Re: NO_HZ_IDLE causes consistently low cpu "iowait" time (and higher cpu "idle" time)

From: Alan Jenkins
Date: Wed Jul 03 2019 - 12:09:14 EST


On 03/07/2019 15:06, Doug Smythies wrote:
On 2019.07.01 08:34 Alan Jenkins wrote:

Hi
Hi,

I tried running a simple test:

dd if=testfile iflag=direct bs=1M of=/dev/null

With my default settings, `vmstat 10` shows something like 85% idle time
to 15% iowait time. I have 4 CPUs, so this is much less than one CPU
worth of iowait time.

If I boot with "nohz=off", I see idle time fall to 75% or below, and
iowait rise to about 25%, equivalent to one CPU. That is what I had
originally expected.

(I can also see my expected numbers, if I disable *all* C-states and
force polling using `pm_qos_resume_latency_us` in sysfs).

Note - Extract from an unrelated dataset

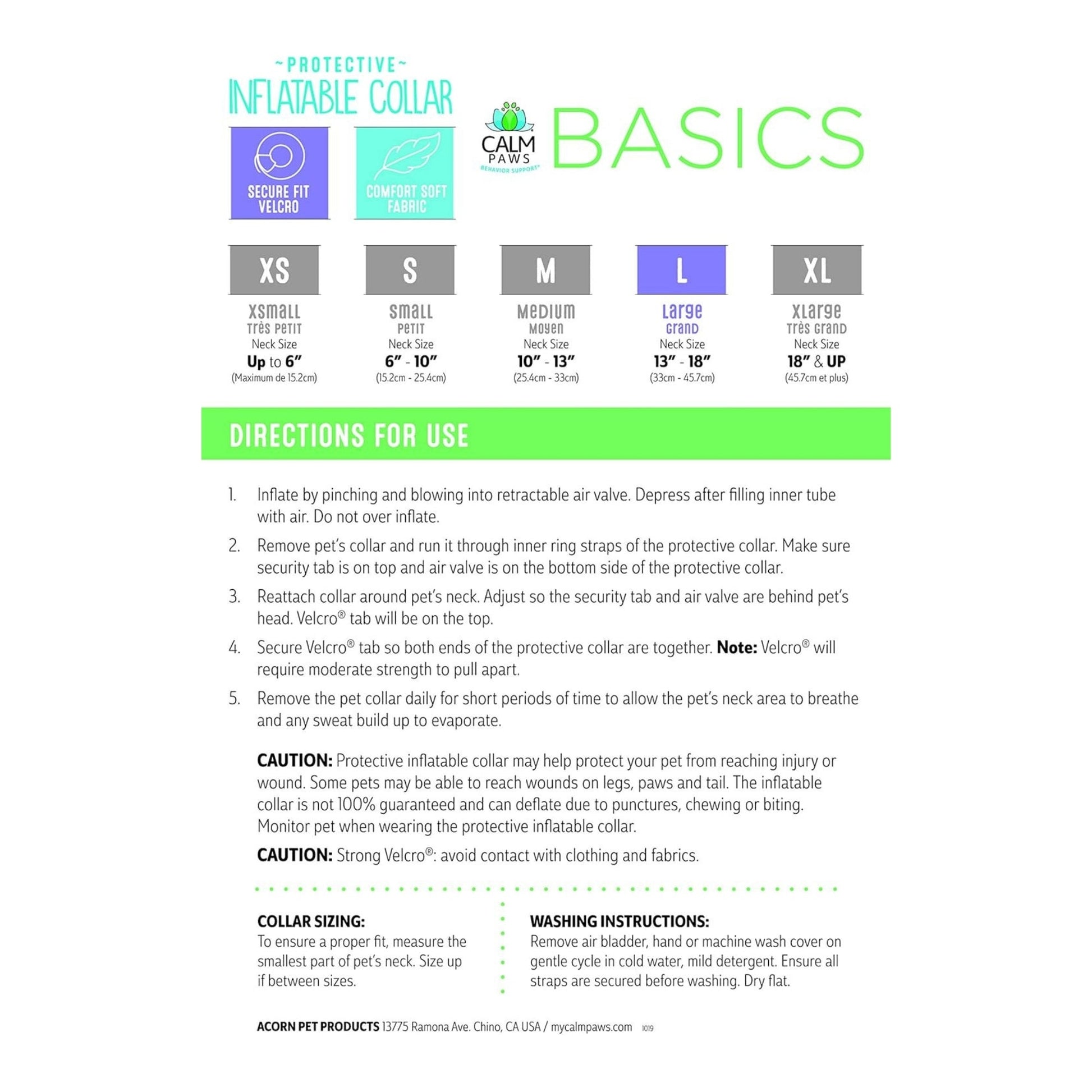 Make cone time more comfortable with the Calm Paws Basic Inflatable Collar. This velvety inflatable collar helps protect wounds, rashes and incisions as they heal without the bulk and discomfort of a big plastic cone. It secures easily around your buddy’s neck with the fuzzy fastener and stays in place with the included chest security strap. Use it with the included Calming Disk for essential oil-enhanced anxiety relief and turn the cone of shame into a ring of relaxation!

The numbers above are from a kernel somewhere around v5.2-rc5. I saw
the "wrong" results on some previous kernels as well. I just now
realized the link to NO_HZ_IDLE.[1]

[1]
https://unix.stackexchange.com/questions/517757/my-basic-assumption-about-system-iowait-does-not-hold/527836#527836

I did not find any information about this high level of inaccuracy. Can
anyone explain, is this behaviour expected?
I'm not commenting on expected behaviour or not, just that it is
inconsistent.

I found several patches that mentioned "iowait" and NO_HZ_IDLE. But if
they described this problem, it was not clear to me.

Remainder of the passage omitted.